Published 01/11/2022, 12:01 pm
Updated 09/07/2023, 08:32 pm

DXY is rebounding strongly now:

 

AUD is fighting and failing:

Partly because CNY is entering free fall again:

Oil faded. Gold is showing no sign of a DXY top:

Base metals were whacked and big miners (ASX:RIO) are clinging to support:

EM stocks (NYSE:EEM) are up the creek:

So is junk (NYSE:HYG):

As US yields took off and curve was pancaked:

Which stocks did not like:

Credit Suisse (SIX:CSGN) wraps it up. My own view is AUD will have a deep 5-handle before the trend is up again.


Movements in macro markets over the past week have worked in favour of our bullish USD view. Long-held key end-Q3 targets like EURUSD 0.9700 have been breached, while our favourite punch bag GBP has entered into a “basket case” realm even beyond our worst-case expectations for this quarter. Sharp moves higher in US long-end rates are a new disturbing feature for markets, and are driving both global rates higher and at the same time hurting risky assets and tightening monetary conditions further. Commodity prices too are under pressure as concerns about global recession grow, weighing on commodity bloc currencies like CAD and AUD too in the process.

From our perspective, the move in Fed terminal rates to 4.50% is reasonable but the disinversion between Mar’23 and Mar ’24 rates we wish to see before calling an end to USD strength is not apparent yet. Indeed yesterday saw a pivot in the SOFR futures strip, with maturities up to Dec ’24 seeing lower implied yields and those from Mar ’25 onwards tracking the move in 10-year yields higher. This suggests to us a market pricing in the risk of the Fed not getting on top of inflation even after a 2023 growth shock / recession. The main risk to retaining a USD bullish view from a US economy perspective remains a sudden and surprising slowdown in inflation or a shocking jump in unemployment, as has been the case for many months already.

Having reached most of our Q3 targets in the G10 cyclical FX space, we look for an extension of the bearish trend in Q4. We now target 0.6200 in AUDUSD (prev. 0.6550), 1.1700 in AUDNZD (prev. 1.0920), 1.4200 in USDCAD (prev. 1.3000), 10.7000 in EURNOK (prev. 10.0000) and 11.3000 in EURSEK (prev. 10.8000). Our 27 Sep expiry AUDUSD 0.6800/0.6480 put spread expired in the money yesterday: we replace it with a 20 Dec expiry AUDUSD 0.6443 / 0.6100 put spread instead.

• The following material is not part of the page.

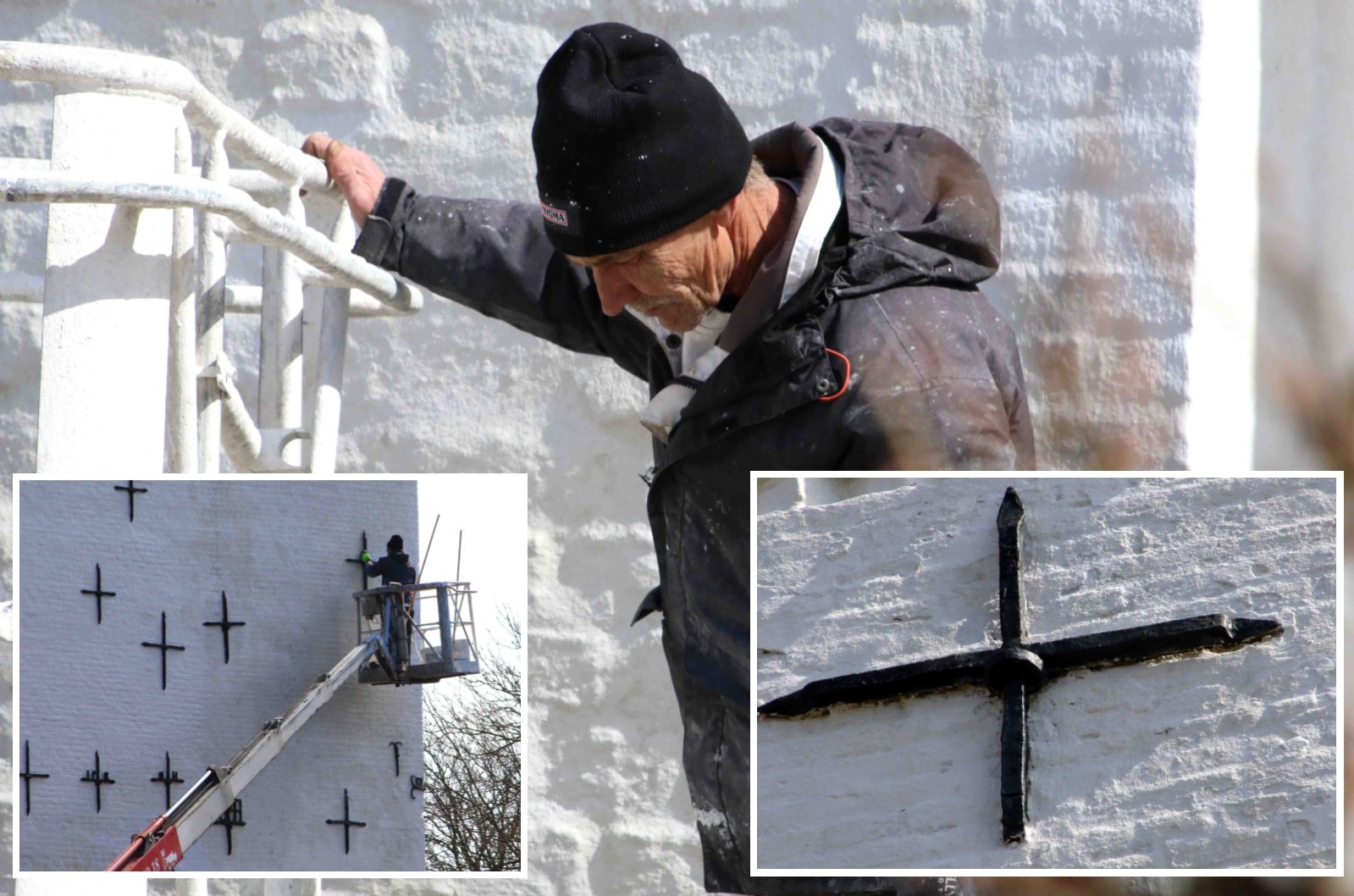 Leif nyder de store højder – arbejdet fra liften foregår hurtigt og sikkert. Det er blevet til 25 år for Dansk Kirkekalk.

With the end of the quarter in sight we take stock of our views in cyclical G10 FX. Outside of the notable CAD exception, our targets across this traditionally risk-sensitive portion of the G10 FX spectrum had been firmly bearish throughout Q3, and yet most currencies managed to trade weaker than we anticipated. The underperformance was slight in the case of AUD and SEK (we targeted AUDUSD 0.6550 and EURSEK 10.8000 in Q3), somewhat more pronounced in NOK and NZD (where we projected EURNOK at 10.0000 and NZDUSD at 0.6000), and substantial in CAD, where our call for loonie
divergence and our related USDCAD 1.3000 target have proven clearly incorrect.

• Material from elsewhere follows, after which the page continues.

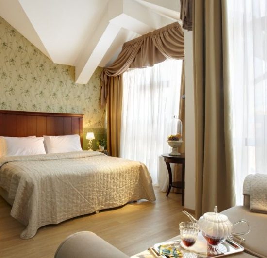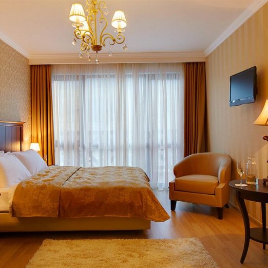 - Jednosobni apartman /Junior Suite/(2+2) sa pogledom na grad ili planinu za smeštaj 2-4 osoba (45 – 60 m2): elegantna prostorija, saastoji se iz spavaće sobe sa francuskim krevetom i dnevnog boravka sa sofom na razvlačenje, 2 LCD TV. Smeštaj za max 3 odrasle osobe ili 2 odrasle osobe i 2 dece;

Looking ahead into Q4, our core view is that the theme of FX underperformance vs the USD has space to play out further in the cyclical G10 space. As such we now set our Q4 targets at 0.6200in AUDUSD, 1.4200 in USDCAD, 1.1700 in AUDNZD, 0.5300 in NZDUSD, 10.7000in EURNOK and 11.3000 in EURSEK. Along with the theme of broad divergence vs the USD, we also anticipate realized volatility to stay elevated in Q4, which leads us to set wider trading range for these pairs. Specifically, we now see AUDUSD trading between 0.6700 and 0.6000 in Q4, we see USDCAD in a 1.3250- 1.4300 range, AUDNZD between 1.1300 and 1.1900, EURNOK in a 10.0000-10.9000 range and EURSEK between 10.6500and 11.4200.

The core driver of our view relates to local central banks’ unwillingness to keep up with the Fed’s hawkish stance. We also see fears of a global growth slowdown-induced pullback in current account balances as an additional potential kicker.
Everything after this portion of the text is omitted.